MetaQA questions mostly come with multiple answers. Prior methods have used hit $@1$ as a metric to measure the performance of their model. This means that they measure if the highest ranked entity given by their model exists in the answer set. Our approach produces the exact solution path inside the knowledge graph and consequently it outputs all of the answers to the question instead of producing a score distribution over graph entities (as depicted in Figure 1). For the sake of comparison, we also measure the hit $@1$ metric for our model over multi hop test datasets. In other words, we randomly pick one of the answer entities and assume it is the rank 1 answer of the model and consequently we calculate the hit $@1$ score. Table 1 compares our method with prior work.

MetaQA问题通常带有多个答案。先前的方法使用命中$@1$作为衡量模型性能的指标,即检测模型给出的最高排名实体是否存在于答案集合中。我们的方法在知识图谱内生成精确的求解路径,因此能输出问题的所有答案,而非在图实体上生成分数分布(如图1所示)。为了便于比较,我们同样在多跳测试数据集上测量了模型的命中$@1$指标,即随机选取一个答案实体作为模型的排名第一答案来计算命中$@1$分数。表1将我们的方法与先前工作进行了对比。

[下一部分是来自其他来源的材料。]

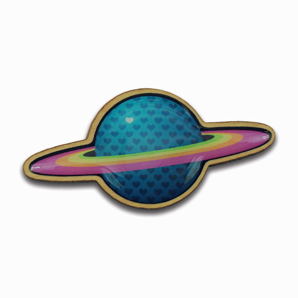 Marfim wood brooch with Saturn motif. The brooch has a pin on the back so that it can be easily attached to any piece of clothing.
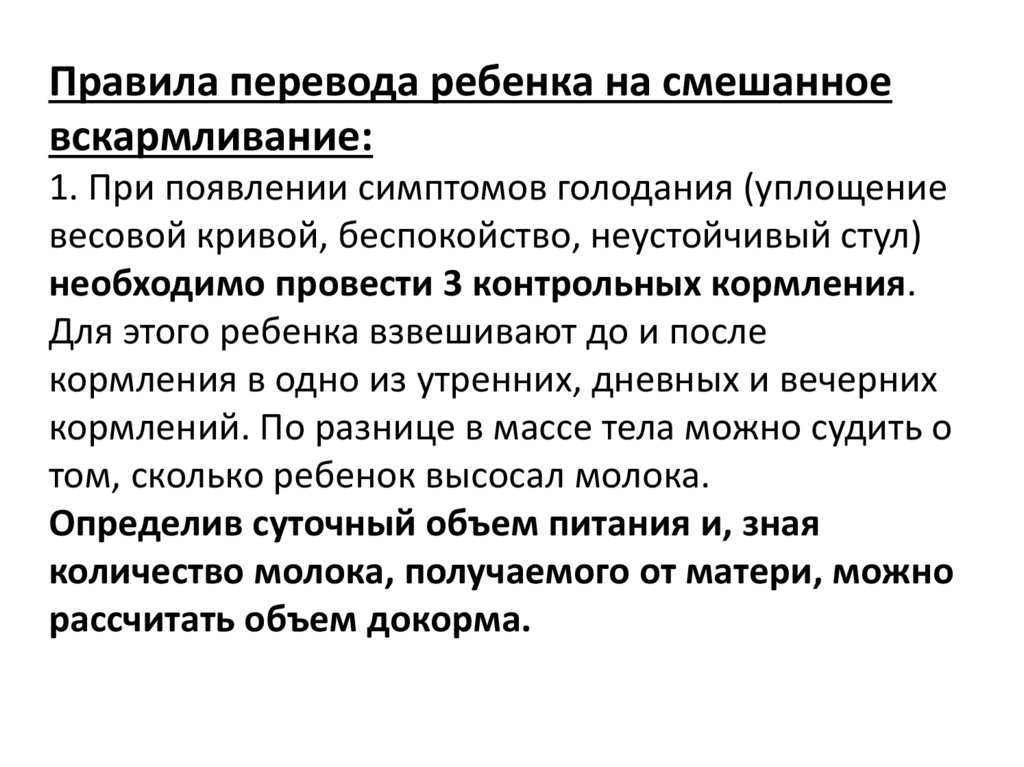 При кормлении ребенка грудным молоком в сочетании с молочными смесями важно сохранить кормление по требованию, при этом необходимо постоянно контролировать набор веса. Важно, что докорм вводится лишь после кормления грудью. Кроме того, необходимо учесть и следующие рекомендации специалистов: грудь обязательно предлагается ребенку при каждом кормлении, т.к. чередование кормлений грудью и смесью приведет к угасанию лактации. При небольшом объеме молока, ребенок при кормлении прикладывается к обеим грудям, а если докорма немного – он предлагается с ложечки, а не из бутылки.

In order to get robust results we repeat the process of sampling training data and annotating it 5 times and each time we sampled 100, 250, 500 and 1000 samples. The sampling process was straightforward; each time we sample randomly and equally from each of the 1-hop, 2-hop and 3- hop training datasets. We also annotated 3000 samples from the validation and test set of the MetaQA dataset. Figure 2 shows the variance of performance on each of these datasets. Since the variance was high on the test set with 100 samples we only reported s250, s500 and s1000 in table 1. According to these results the 3-hop test set’s representation is the easiest to learn since it doesn’t come with many variations of natural language to describe. On the other hand the 2-hop dataset is the hardest to learn. However, all of these samples are collected randomly. But with a manual and careful sample collection, we can see that even 500 samples are enough to learn the whole dynamics of this dataset and learn to represent questions in logical form. We conclude that our model is capable of correctly answering all questions in the test dataset with only 1000 annotated examples.

为了获得稳健的结果,我们重复了5次训练数据采样和标注过程,每次分别采样100、250、500和1000个样本。采样过程简单直接:每次从1跳、2跳和3跳训练数据集中随机等量抽取。我们还标注了MetaQA数据集中验证集和测试集的3000个样本。图2展示了各数据集上的性能方差。由于100样本测试集的方差较高,表1中仅报告了s250、s500和s1000的结果。